Copy exactly and only the lines running from the one that contains "Vino blanco Macabeo, vino" to the final line of the data below, without the pictures.

**Data for processing:**
========
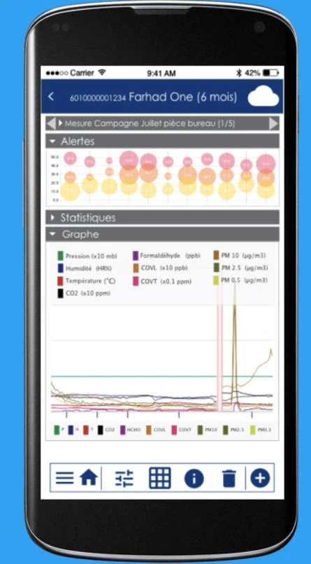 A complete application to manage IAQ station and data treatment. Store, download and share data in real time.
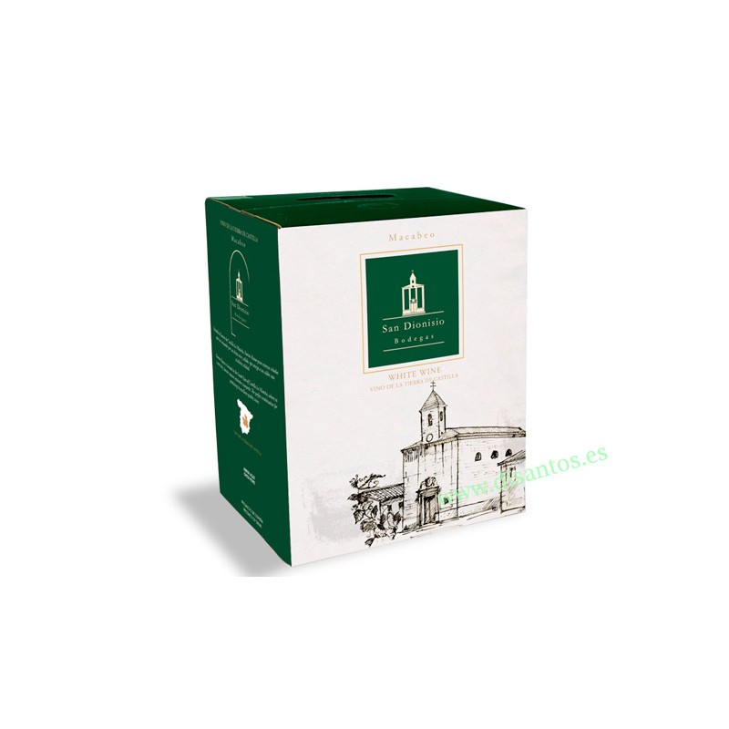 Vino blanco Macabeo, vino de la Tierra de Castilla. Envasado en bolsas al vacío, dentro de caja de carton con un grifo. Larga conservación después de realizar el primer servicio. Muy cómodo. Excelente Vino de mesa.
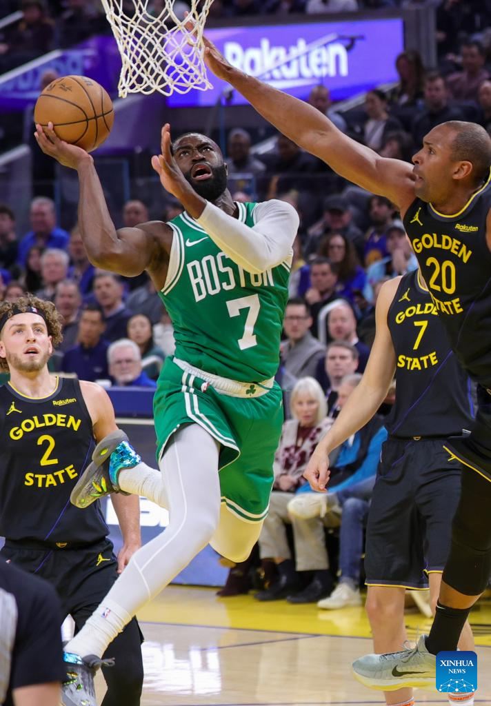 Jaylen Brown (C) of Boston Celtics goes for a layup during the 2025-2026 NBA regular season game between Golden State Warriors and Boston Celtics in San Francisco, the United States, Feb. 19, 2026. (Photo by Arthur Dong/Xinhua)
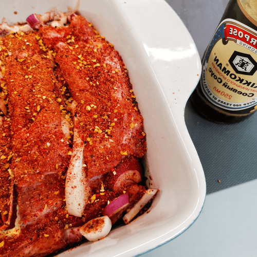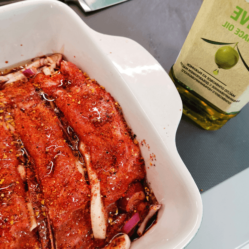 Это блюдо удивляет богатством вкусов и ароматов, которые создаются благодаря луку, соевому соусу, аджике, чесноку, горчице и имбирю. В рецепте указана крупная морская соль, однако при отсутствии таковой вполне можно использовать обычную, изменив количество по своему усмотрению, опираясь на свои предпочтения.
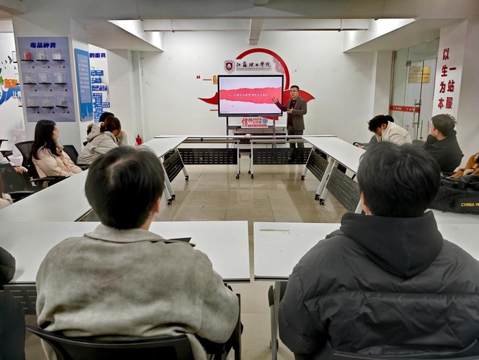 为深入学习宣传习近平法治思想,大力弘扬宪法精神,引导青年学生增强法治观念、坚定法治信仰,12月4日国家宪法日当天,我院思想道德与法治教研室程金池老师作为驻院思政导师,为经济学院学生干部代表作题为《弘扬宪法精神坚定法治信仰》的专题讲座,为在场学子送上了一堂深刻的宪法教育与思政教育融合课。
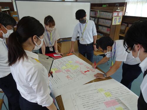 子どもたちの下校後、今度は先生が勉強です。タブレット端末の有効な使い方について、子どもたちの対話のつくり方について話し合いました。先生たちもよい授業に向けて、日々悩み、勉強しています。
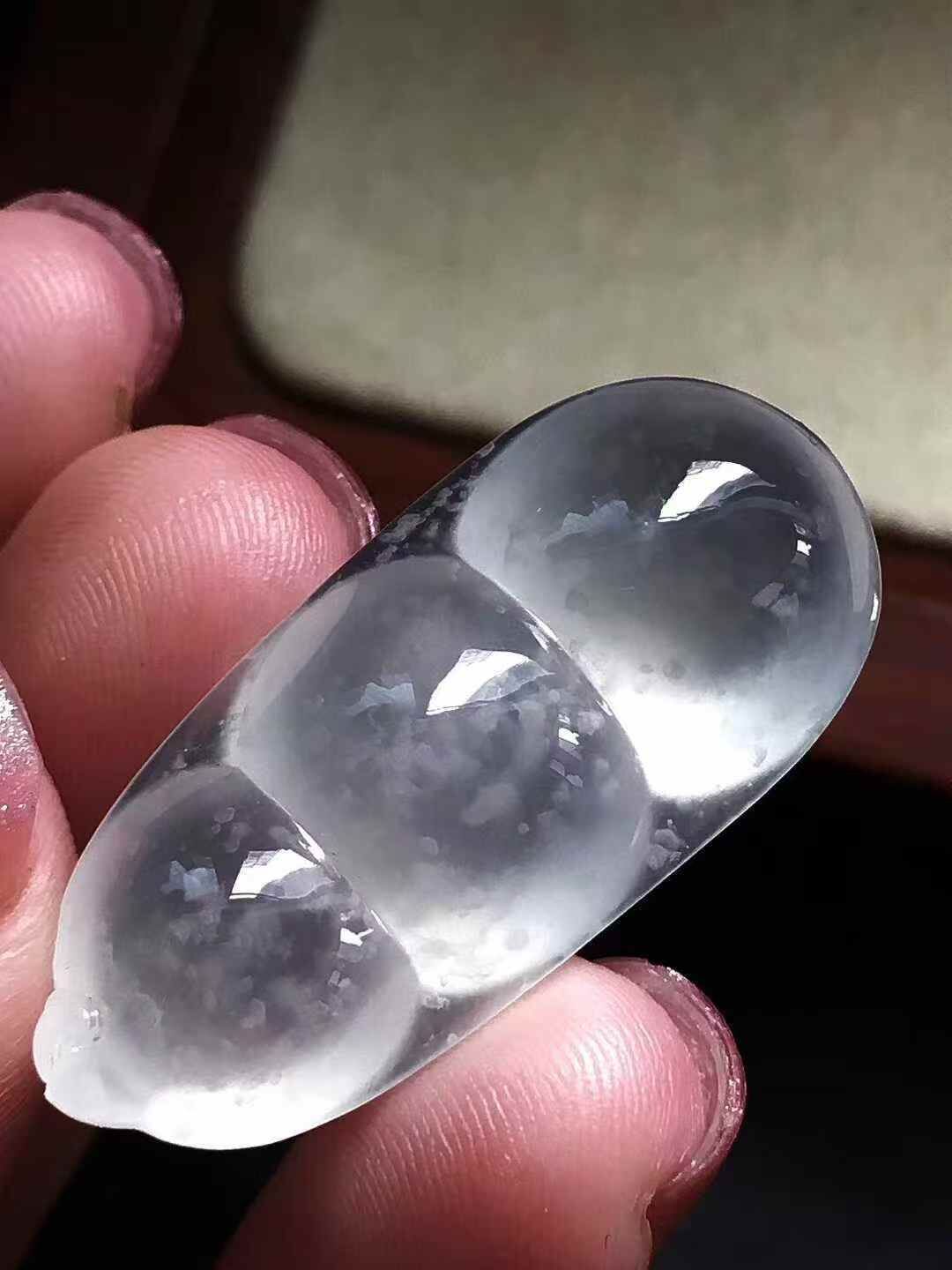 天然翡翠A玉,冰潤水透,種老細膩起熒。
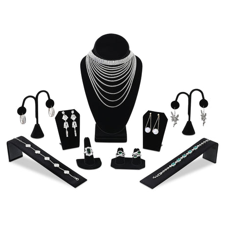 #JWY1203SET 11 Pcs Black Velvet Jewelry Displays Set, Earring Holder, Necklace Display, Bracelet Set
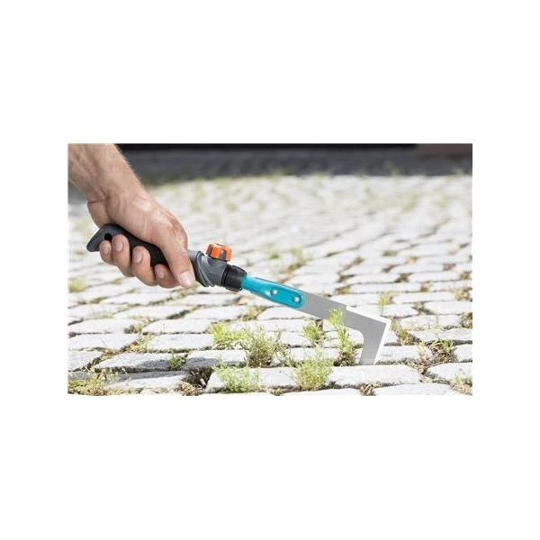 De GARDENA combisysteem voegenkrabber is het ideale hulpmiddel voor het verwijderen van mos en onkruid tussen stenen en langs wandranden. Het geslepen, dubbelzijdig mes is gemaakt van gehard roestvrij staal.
========
**Solution:**
 Vino blanco Macabeo, vino de la Tierra de Castilla. Envasado en bolsas al vacío, dentro de caja de carton con un grifo. Larga conservación después de realizar el primer servicio. Muy cómodo. Excelente Vino de mesa.
 Jaylen Brown (C) of Boston Celtics goes for a layup during the 2025-2026 NBA regular season game between Golden State Warriors and Boston Celtics in San Francisco, the United States, Feb. 19, 2026. (Photo by Arthur Dong/Xinhua)
 Это блюдо удивляет богатством вкусов и ароматов, которые создаются благодаря луку, соевому соусу, аджике, чесноку, горчице и имбирю. В рецепте указана крупная морская соль, однако при отсутствии таковой вполне можно использовать обычную, изменив количество по своему усмотрению, опираясь на свои предпочтения.
 为深入学习宣传习近平法治思想,大力弘扬宪法精神,引导青年学生增强法治观念、坚定法治信仰,12月4日国家宪法日当天,我院思想道德与法治教研室程金池老师作为驻院思政导师,为经济学院学生干部代表作题为《弘扬宪法精神坚定法治信仰》的专题讲座,为在场学子送上了一堂深刻的宪法教育与思政教育融合课。
 子どもたちの下校後、今度は先生が勉強です。タブレット端末の有効な使い方について、子どもたちの対話のつくり方について話し合いました。先生たちもよい授業に向けて、日々悩み、勉強しています。
 天然翡翠A玉,冰潤水透,種老細膩起熒。
 #JWY1203SET 11 Pcs Black Velvet Jewelry Displays Set, Earring Holder, Necklace Display, Bracelet Set
 De GARDENA combisysteem voegenkrabber is het ideale hulpmiddel voor het verwijderen van mos en onkruid tussen stenen en langs wandranden. Het geslepen, dubbelzijdig mes is gemaakt van gehard roestvrij staal.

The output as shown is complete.